In this blog post I want to talk about large language models (LLMs) – a type of artificial intelligence (AI) designed to generate human-like text in response to a verbal query or prompt, such as OpenAI’s ChatGPT and Google’s Bard.
These models have the potential to change the way we work, whether that’s how we write our emails, summarise documents, create reports or analyse data. Whether or not your organisation has a policy on if and how to use LLMs, it’s almost certain people in your organisation are already using them one way or another.
We are not even close to understanding the full impact AI will have on our society. Right now however, the spotlight is shining on LLMs. For that reason, I want to take some time to outline key facts any organisation, but especially those in the public sector, must consider. Before implementing anything, it is vital to understand how these technologies work, what risks they introduce to an organisation, how to go about mitigating those risks, and implementing them safely.
Regulation and AI
As technologists, it’s hard not to be excited by these new tools. But coupled with that excitement is a responsibility to make sure we use them safely. After all, it was as recently as March that some of the world’s leading technologists signed a letter calling for a pause on AI development1.
Right now there’s a lack of regulation around AI, with nations taking a number of different approaches2. At the time of writing, Britain is simply applying existing regulations to AI systems, while the EU has begun categorising different uses of AI by degrees of risk. This has lead to some outright bans, for example in subliminal advertising.
The core of governments concerns are around accountability, privacy, bias and even intellectual-property rights. It has become a regular occurrence to find new news stories about LLMs plagiarising writers3 and artists4, and even fabricating non-existent lawsuits5.
In March, the Department for Science, Innovation & Technology (DSIT) published an excellent white paper, A pro-innovation approach to AI regulation6, outlining 5 values that every implementation of AI should embody:
- safety, security and robustness
- transparency and explainability
- accountability and governance
- contestability and redress
Let’s look at some of the things public sector organisations should consider when approaching these values.
1. Safety, security and robustness
Perhaps the main consideration right now is that the readily-available LLMs are proprietary technology run by private companies. No online service is completely safe. In a fast-moving technology landscape, being first to release a product to market can be a significant advantage – perhaps to the tune of billions of dollars.
There have already been examples of data breaches with LLMs7. These have involved selling stolen credentials and users having their chat histories exposed to other users. If, say, you’re asking for a list of the best places to eat in London then that may not be such a big deal. But where LLMs are used in the workplace, these breaches pose more serious questions. Government demands a higher standard and greater certainty.
It’s also worth bearing in mind that any information you share with an AI is going to a third-party server, which currently means outside of the UK. Entering sensitive information – especially personally identifiable information, may not only be against your organisation’s policy – it may be illegal. When it comes to making good decisions about what information to enter into an LLM, skew cautious.

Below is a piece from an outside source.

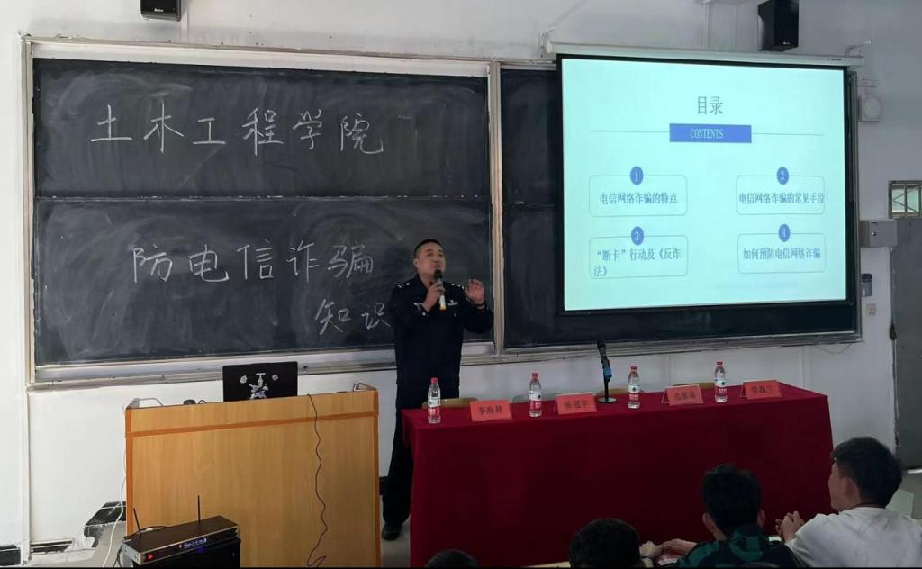 为进一步提高我院学生的网络电信诈骗识别和防范能力,维护同学们的切身利益,预防各类网络电信诈骗事件,营造和谐平安的校园环境。4月18日下午,土木工程学院在教学楼西T4开展防范电信诈骗知识专题讲座,教学楼西T4同步进行线上直播,此次讲座特邀榆中县公安局反诈中心陈冠宇警官主讲,土木工程学院全体学生参加。

It’s also important to understand how the data entered into LLMs is used. In the case of ChatGPT, unless you actively opt out8, information you share is stored to train future models. Even if you opt out, your conversation is held for 30 days and reviewed.
Companies like Amazon, Apple, and JPMorgan Chase & Co have banned their employees from using third party LLMs for reasons of data privacy9. Recently, Samsung10 bought in a company wide ban due to sensitive source code being leaked by employees.
The UK government has very strict policies around data being stored onshore. ChatGPT is owned by Open AI, an American company and does not have data servers in the EU or UK. At the moment, there’s no national LLM in the UK11. That means your data and personal information will be transferred to servers in the States. It’s vital to consider those implications when deciding what information to share with LLMs.
Large language models reflect the data set they’re trained on – the web. LLMs are trained by scraping data from hundreds of thousands of websites12 and their outputs sometimes reflect the errors, biases and other imperfections that exist in that data13.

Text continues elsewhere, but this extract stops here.